Problem statement
Begin with the line below holding "As shown in Figure 19a, the" and go on through the line holding "Obligatorisches Schiessen für", duplicating each line exactly and leaving out pictures.
[Extracted data Boundary: Start]
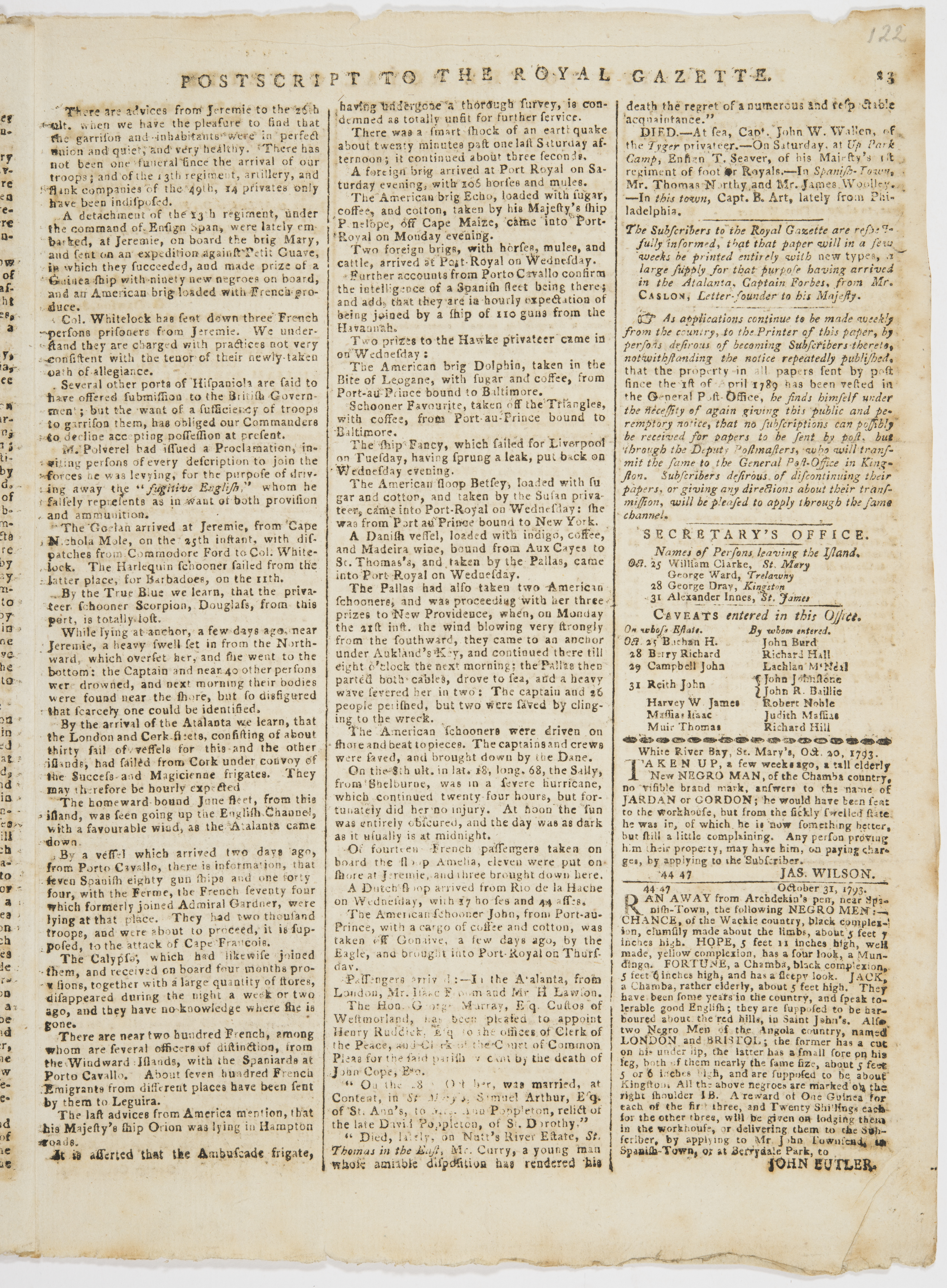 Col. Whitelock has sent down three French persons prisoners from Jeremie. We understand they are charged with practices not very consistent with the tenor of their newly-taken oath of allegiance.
[Extracted data Boundary: End]
[Extracted data Boundary: Start]
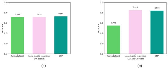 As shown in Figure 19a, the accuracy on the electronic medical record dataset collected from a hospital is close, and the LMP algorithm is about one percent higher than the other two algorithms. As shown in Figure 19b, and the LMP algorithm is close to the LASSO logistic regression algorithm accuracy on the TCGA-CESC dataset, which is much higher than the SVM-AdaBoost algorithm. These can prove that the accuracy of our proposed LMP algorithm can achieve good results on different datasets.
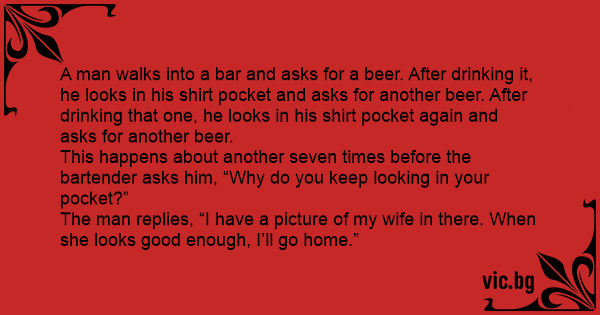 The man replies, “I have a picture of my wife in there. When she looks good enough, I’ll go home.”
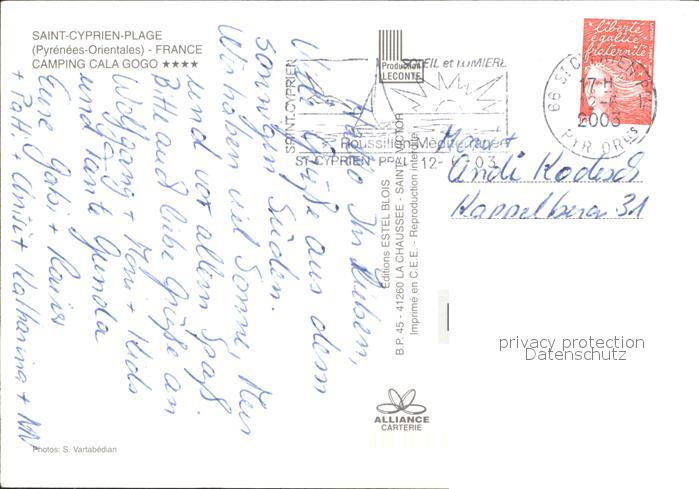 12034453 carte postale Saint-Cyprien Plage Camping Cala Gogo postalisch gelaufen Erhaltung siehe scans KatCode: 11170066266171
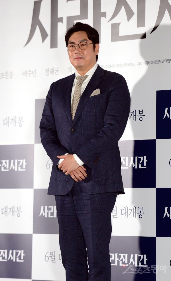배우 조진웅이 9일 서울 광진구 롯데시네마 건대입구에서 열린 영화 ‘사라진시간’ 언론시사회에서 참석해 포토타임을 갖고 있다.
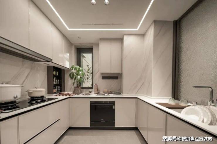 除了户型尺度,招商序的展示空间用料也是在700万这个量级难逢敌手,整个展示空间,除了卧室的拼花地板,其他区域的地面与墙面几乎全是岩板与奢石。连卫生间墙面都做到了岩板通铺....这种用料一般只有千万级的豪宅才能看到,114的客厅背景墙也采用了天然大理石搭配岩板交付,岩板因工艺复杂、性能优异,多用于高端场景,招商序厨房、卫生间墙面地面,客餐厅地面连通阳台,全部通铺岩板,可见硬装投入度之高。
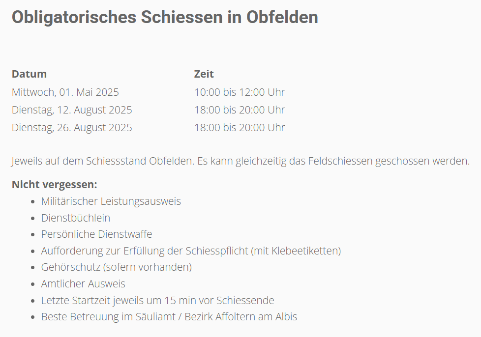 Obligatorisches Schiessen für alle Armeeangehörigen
[Extracted data Boundary: End]
Answer for this exercise
 As shown in Figure 19a, the accuracy on the electronic medical record dataset collected from a hospital is close, and the LMP algorithm is about one percent higher than the other two algorithms. As shown in Figure 19b, and the LMP algorithm is close to the LASSO logistic regression algorithm accuracy on the TCGA-CESC dataset, which is much higher than the SVM-AdaBoost algorithm. These can prove that the accuracy of our proposed LMP algorithm can achieve good results on different datasets.
 The man replies, “I have a picture of my wife in there. When she looks good enough, I’ll go home.”
 12034453 carte postale Saint-Cyprien Plage Camping Cala Gogo postalisch gelaufen Erhaltung siehe scans KatCode: 11170066266171
배우 조진웅이 9일 서울 광진구 롯데시네마 건대입구에서 열린 영화 ‘사라진시간’ 언론시사회에서 참석해 포토타임을 갖고 있다.
 除了户型尺度,招商序的展示空间用料也是在700万这个量级难逢敌手,整个展示空间,除了卧室的拼花地板,其他区域的地面与墙面几乎全是岩板与奢石。连卫生间墙面都做到了岩板通铺....这种用料一般只有千万级的豪宅才能看到,114的客厅背景墙也采用了天然大理石搭配岩板交付,岩板因工艺复杂、性能优异,多用于高端场景,招商序厨房、卫生间墙面地面,客餐厅地面连通阳台,全部通铺岩板,可见硬装投入度之高。
 Obligatorisches Schiessen für alle Armeeangehörigen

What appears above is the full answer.